Although rates are already approaching this level, the impact on buying power will not be immediate. Buyers can offset some of the rate increases by increasing their deposit or extending the term of their mortgage.


Unfortunately, not everyone has access to these options, and many buyers, especially first-time buyers, have been unable to enter the property market. The data indicates a 14% decline in the number of buyers compared to the same period last year.


Richard Donnell, Executive Director at Zoopla, explains, "London's housing market is the most expensive in the UK, and higher mortgage rates have been affecting buying power, resulting in a modest average price decline of 0.3% over the past year. As mortgage rates approach 6%, the resilience of the London housing market will face further challenges."


London boroughs affected by price changes

Among the local authorities in London, Tower Hamlets experienced the largest decrease in house prices with a reduction of 1.5%, equivalent to £7,460. This brings the average house price in the borough to £479,200. Hackney followed closely with a 1.1% decrease, amounting to £6,720, resulting in an average house price of £562,700. Camden also saw a 1% decrease, reducing house prices by £7,470, making the average home price £751,100.


On the other hand, some of the outer boroughs defied the overall trend and experienced slight increases.
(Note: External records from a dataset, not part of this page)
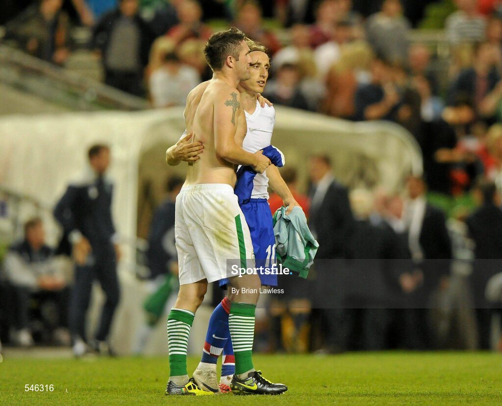 10 August 2011; Republic of Ireland's Robbie Keane exhanges jersey's with Croatia's Luka Modric. International Soccer Friendly, Republic of Ireland v Croatia, Aviva Stadium, Lansdowne Road, Dublin. Picture credit: Brian Lawless / SPORTSFILE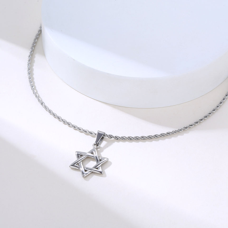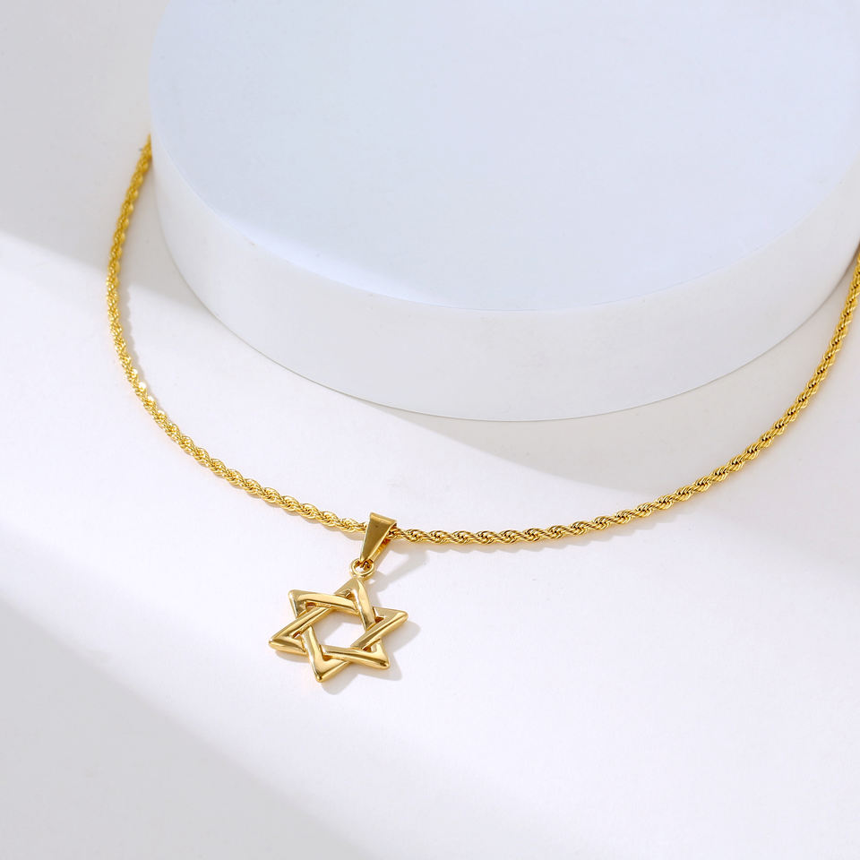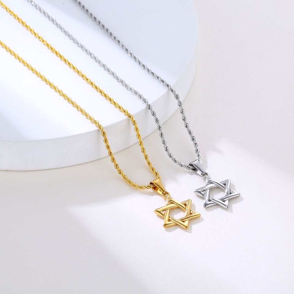 Collier Rétro Punk pour Hommes en Acier Inoxydable Plaqué Or 18 Carats Style Hiphop, Bijou Juif Personnalisé, Collier Religieux Étoile de David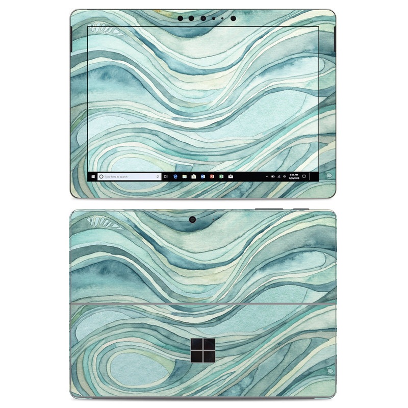 iStyles Microsoft Surface Go Skin design of Aqua, Blue, Pattern, Turquoise, Teal, Water, Design, Line, Wave, Textile, with gray, blue colors, and tagged with patterns.

Bexley had a modest increase of 1.1% (£4,530), bringing the average property price to £401,200. Havering and Barking & Dagenham both saw a 0.6% rise, with increases of £2,470 and £1,870 respectively. The average house prices in these areas stood at £424,400 and £337,500.


Surge in houses on the market

In addition to inflation and rising mortgage costs, another contributing factor to the decline in prices is the sudden surge in housing supply. There has been an above-average increase in the number of homes listed for sale in the last four weeks, with 18% more listings compared to the five-year average (although some of these may have been affected by the pandemic). The scarcity of homes has often been cited as a driving force behind rapid house price growth, and the inverse is also true. Increased supply provides buyers with more options giving them room to negotiate and drive down house prices.